BEGIN EXTRACTED MATERIAL

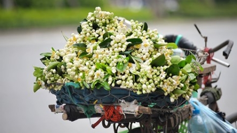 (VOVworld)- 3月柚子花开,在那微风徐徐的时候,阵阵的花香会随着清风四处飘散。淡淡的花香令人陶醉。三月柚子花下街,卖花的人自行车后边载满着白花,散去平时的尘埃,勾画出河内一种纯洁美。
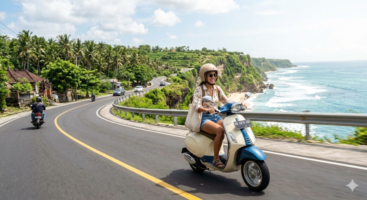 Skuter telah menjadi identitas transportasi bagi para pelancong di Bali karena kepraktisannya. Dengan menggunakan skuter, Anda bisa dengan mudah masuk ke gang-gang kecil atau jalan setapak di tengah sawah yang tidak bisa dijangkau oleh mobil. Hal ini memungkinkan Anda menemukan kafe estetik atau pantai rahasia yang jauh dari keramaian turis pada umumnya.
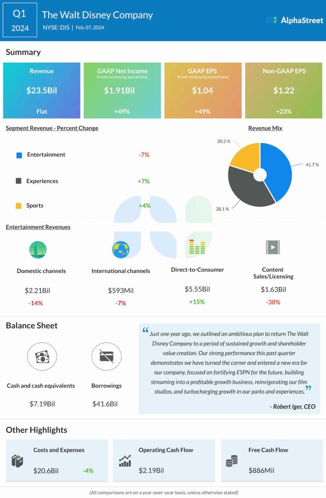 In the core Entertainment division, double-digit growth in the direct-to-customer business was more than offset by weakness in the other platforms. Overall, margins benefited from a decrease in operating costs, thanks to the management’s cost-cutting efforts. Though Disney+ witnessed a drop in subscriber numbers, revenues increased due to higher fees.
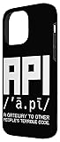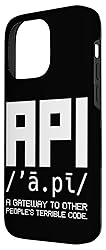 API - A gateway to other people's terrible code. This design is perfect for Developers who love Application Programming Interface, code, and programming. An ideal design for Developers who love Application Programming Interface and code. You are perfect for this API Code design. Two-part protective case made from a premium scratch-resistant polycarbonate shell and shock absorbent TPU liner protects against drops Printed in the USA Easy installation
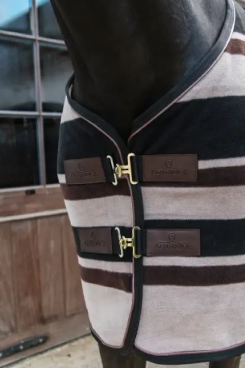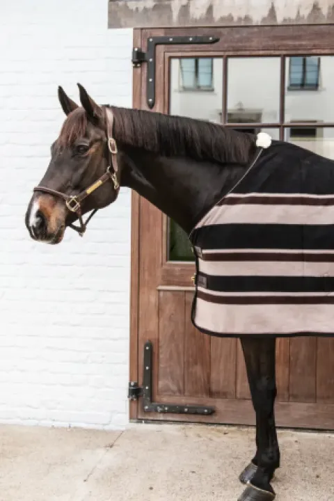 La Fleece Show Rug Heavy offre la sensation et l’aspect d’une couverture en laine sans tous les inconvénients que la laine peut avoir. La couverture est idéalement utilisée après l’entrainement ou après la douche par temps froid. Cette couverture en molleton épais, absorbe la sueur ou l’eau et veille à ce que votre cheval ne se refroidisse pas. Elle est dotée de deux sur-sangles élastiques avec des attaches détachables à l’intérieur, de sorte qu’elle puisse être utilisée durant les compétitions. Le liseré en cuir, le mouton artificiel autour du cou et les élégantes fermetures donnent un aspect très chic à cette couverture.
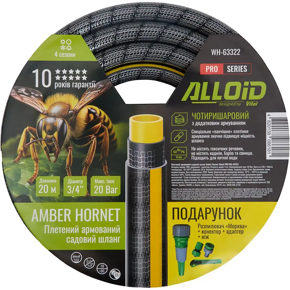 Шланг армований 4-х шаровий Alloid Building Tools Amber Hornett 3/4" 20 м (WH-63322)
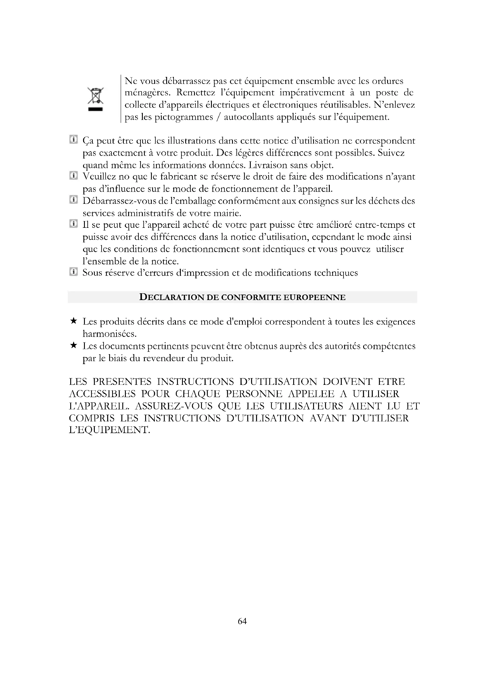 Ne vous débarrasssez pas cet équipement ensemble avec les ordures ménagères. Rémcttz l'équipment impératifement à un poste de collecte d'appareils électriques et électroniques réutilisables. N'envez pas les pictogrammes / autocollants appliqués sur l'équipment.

END EXTRACTED MATERIAL

## EXERCISE DESCRIPTION
Pictures are not part of the copy; output everything else in the records exactly.

## TASK RESULT
 (VOVworld)- 3月柚子花开,在那微风徐徐的时候,阵阵的花香会随着清风四处飘散。淡淡的花香令人陶醉。三月柚子花下街,卖花的人自行车后边载满着白花,散去平时的尘埃,勾画出河内一种纯洁美。
 Skuter telah menjadi identitas transportasi bagi para pelancong di Bali karena kepraktisannya. Dengan menggunakan skuter, Anda bisa dengan mudah masuk ke gang-gang kecil atau jalan setapak di tengah sawah yang tidak bisa dijangkau oleh mobil. Hal ini memungkinkan Anda menemukan kafe estetik atau pantai rahasia yang jauh dari keramaian turis pada umumnya.
 In the core Entertainment division, double-digit growth in the direct-to-customer business was more than offset by weakness in the other platforms. Overall, margins benefited from a decrease in operating costs, thanks to the management’s cost-cutting efforts. Though Disney+ witnessed a drop in subscriber numbers, revenues increased due to higher fees.
 API - A gateway to other people's terrible code. This design is perfect for Developers who love Application Programming Interface, code, and programming. An ideal design for Developers who love Application Programming Interface and code. You are perfect for this API Code design. Two-part protective case made from a premium scratch-resistant polycarbonate shell and shock absorbent TPU liner protects against drops Printed in the USA Easy installation
 La Fleece Show Rug Heavy offre la sensation et l’aspect d’une couverture en laine sans tous les inconvénients que la laine peut avoir. La couverture est idéalement utilisée après l’entrainement ou après la douche par temps froid. Cette couverture en molleton épais, absorbe la sueur ou l’eau et veille à ce que votre cheval ne se refroidisse pas. Elle est dotée de deux sur-sangles élastiques avec des attaches détachables à l’intérieur, de sorte qu’elle puisse être utilisée durant les compétitions. Le liseré en cuir, le mouton artificiel autour du cou et les élégantes fermetures donnent un aspect très chic à cette couverture.
 Шланг армований 4-х шаровий Alloid Building Tools Amber Hornett 3/4" 20 м (WH-63322)
 Ne vous débarrasssez pas cet équipement ensemble avec les ordures ménagères. Rémcttz l'équipment impératifement à un poste de collecte d'appareils électriques et électroniques réutilisables. N'envez pas les pictogrammes / autocollants appliqués sur l'équipment.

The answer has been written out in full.